*DATA SHOWN*:
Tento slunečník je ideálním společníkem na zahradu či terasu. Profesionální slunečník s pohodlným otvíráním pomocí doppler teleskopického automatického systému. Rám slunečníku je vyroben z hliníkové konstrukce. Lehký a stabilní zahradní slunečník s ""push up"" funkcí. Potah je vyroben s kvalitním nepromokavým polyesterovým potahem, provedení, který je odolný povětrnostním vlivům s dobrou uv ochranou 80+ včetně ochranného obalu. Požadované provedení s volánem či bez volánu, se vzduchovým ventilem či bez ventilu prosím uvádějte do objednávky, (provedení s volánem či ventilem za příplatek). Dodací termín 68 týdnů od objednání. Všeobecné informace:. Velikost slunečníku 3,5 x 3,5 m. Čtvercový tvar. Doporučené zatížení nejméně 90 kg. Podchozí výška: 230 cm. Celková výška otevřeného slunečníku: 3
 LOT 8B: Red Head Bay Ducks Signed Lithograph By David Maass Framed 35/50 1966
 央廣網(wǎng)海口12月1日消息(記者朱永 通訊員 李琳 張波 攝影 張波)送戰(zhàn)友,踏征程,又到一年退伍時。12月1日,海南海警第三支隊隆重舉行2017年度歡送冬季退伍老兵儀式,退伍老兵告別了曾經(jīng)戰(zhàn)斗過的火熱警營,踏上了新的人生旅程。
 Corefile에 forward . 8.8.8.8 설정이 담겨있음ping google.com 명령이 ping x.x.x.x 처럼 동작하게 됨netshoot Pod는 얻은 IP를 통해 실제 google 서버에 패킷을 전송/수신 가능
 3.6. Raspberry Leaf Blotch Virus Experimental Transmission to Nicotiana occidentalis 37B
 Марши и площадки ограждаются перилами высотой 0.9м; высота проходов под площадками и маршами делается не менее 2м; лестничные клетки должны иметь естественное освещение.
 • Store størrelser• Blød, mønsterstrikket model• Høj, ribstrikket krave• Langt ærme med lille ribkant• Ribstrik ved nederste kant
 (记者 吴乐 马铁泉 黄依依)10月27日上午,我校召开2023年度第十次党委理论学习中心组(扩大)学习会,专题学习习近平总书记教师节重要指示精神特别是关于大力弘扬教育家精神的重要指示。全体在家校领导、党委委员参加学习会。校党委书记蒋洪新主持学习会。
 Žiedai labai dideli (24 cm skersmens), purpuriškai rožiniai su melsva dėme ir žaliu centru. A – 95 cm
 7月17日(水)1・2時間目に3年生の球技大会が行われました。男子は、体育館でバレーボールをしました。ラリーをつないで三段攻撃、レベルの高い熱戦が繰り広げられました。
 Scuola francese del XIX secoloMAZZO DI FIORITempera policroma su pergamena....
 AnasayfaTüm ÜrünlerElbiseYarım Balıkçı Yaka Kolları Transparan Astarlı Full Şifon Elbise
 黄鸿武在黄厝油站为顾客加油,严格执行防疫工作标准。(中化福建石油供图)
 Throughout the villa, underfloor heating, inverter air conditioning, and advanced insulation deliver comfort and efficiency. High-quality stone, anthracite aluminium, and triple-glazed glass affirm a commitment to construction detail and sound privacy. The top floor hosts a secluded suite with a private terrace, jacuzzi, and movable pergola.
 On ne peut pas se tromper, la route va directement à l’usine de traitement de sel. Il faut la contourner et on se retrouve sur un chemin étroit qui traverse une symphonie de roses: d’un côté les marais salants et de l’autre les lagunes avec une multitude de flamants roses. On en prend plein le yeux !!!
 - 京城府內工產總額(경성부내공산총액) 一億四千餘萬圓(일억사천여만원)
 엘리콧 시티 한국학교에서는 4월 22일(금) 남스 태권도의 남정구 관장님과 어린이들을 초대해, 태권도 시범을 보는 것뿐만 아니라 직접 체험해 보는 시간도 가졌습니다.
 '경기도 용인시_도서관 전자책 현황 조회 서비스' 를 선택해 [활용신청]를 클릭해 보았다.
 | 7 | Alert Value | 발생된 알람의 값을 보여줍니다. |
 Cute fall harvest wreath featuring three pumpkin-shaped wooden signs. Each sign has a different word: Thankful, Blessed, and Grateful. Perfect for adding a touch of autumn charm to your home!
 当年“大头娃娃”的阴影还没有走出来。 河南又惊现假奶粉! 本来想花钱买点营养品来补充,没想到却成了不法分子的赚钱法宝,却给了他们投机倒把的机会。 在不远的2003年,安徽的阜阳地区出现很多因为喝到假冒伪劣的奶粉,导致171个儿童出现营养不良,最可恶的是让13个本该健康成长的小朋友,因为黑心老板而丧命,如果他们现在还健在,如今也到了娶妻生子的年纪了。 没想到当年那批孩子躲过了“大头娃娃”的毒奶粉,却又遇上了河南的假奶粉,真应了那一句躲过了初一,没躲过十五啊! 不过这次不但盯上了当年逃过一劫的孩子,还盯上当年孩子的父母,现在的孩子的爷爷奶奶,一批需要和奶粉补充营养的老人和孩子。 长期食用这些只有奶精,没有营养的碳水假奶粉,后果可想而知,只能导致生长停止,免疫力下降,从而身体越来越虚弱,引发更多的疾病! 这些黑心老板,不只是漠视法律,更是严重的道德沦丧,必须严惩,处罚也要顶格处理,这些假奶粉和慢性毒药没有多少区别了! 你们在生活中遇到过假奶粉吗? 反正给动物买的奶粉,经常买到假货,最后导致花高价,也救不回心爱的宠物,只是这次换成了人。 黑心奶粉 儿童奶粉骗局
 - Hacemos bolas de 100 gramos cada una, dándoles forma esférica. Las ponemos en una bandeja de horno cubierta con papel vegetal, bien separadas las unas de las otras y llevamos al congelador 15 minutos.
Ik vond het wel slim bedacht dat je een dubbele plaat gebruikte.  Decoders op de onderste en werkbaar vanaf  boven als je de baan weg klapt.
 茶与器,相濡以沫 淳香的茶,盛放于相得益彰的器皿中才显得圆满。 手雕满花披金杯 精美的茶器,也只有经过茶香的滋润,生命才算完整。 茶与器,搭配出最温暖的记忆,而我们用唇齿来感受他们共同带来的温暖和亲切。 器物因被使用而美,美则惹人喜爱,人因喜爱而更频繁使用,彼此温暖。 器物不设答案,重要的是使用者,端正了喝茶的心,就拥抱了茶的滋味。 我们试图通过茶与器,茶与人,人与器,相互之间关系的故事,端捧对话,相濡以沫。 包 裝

*PROBLEM*: Transcribe only the trailing portion of the entries above: the line that contains "Cute fall harvest" and each line after it.

*SOLUTION BELOW*:
 Cute fall harvest wreath featuring three pumpkin-shaped wooden signs. Each sign has a different word: Thankful, Blessed, and Grateful. Perfect for adding a touch of autumn charm to your home!
 当年“大头娃娃”的阴影还没有走出来。 河南又惊现假奶粉! 本来想花钱买点营养品来补充,没想到却成了不法分子的赚钱法宝,却给了他们投机倒把的机会。 在不远的2003年,安徽的阜阳地区出现很多因为喝到假冒伪劣的奶粉,导致171个儿童出现营养不良,最可恶的是让13个本该健康成长的小朋友,因为黑心老板而丧命,如果他们现在还健在,如今也到了娶妻生子的年纪了。 没想到当年那批孩子躲过了“大头娃娃”的毒奶粉,却又遇上了河南的假奶粉,真应了那一句躲过了初一,没躲过十五啊! 不过这次不但盯上了当年逃过一劫的孩子,还盯上当年孩子的父母,现在的孩子的爷爷奶奶,一批需要和奶粉补充营养的老人和孩子。 长期食用这些只有奶精,没有营养的碳水假奶粉,后果可想而知,只能导致生长停止,免疫力下降,从而身体越来越虚弱,引发更多的疾病! 这些黑心老板,不只是漠视法律,更是严重的道德沦丧,必须严惩,处罚也要顶格处理,这些假奶粉和慢性毒药没有多少区别了! 你们在生活中遇到过假奶粉吗? 反正给动物买的奶粉,经常买到假货,最后导致花高价,也救不回心爱的宠物,只是这次换成了人。 黑心奶粉 儿童奶粉骗局
 - Hacemos bolas de 100 gramos cada una, dándoles forma esférica. Las ponemos en una bandeja de horno cubierta con papel vegetal, bien separadas las unas de las otras y llevamos al congelador 15 minutos.
Ik vond het wel slim bedacht dat je een dubbele plaat gebruikte.  Decoders op de onderste en werkbaar vanaf  boven als je de baan weg klapt.
 茶与器,相濡以沫 淳香的茶,盛放于相得益彰的器皿中才显得圆满。 手雕满花披金杯 精美的茶器,也只有经过茶香的滋润,生命才算完整。 茶与器,搭配出最温暖的记忆,而我们用唇齿来感受他们共同带来的温暖和亲切。 器物因被使用而美,美则惹人喜爱,人因喜爱而更频繁使用,彼此温暖。 器物不设答案,重要的是使用者,端正了喝茶的心,就拥抱了茶的滋味。 我们试图通过茶与器,茶与人,人与器,相互之间关系的故事,端捧对话,相濡以沫。 包 裝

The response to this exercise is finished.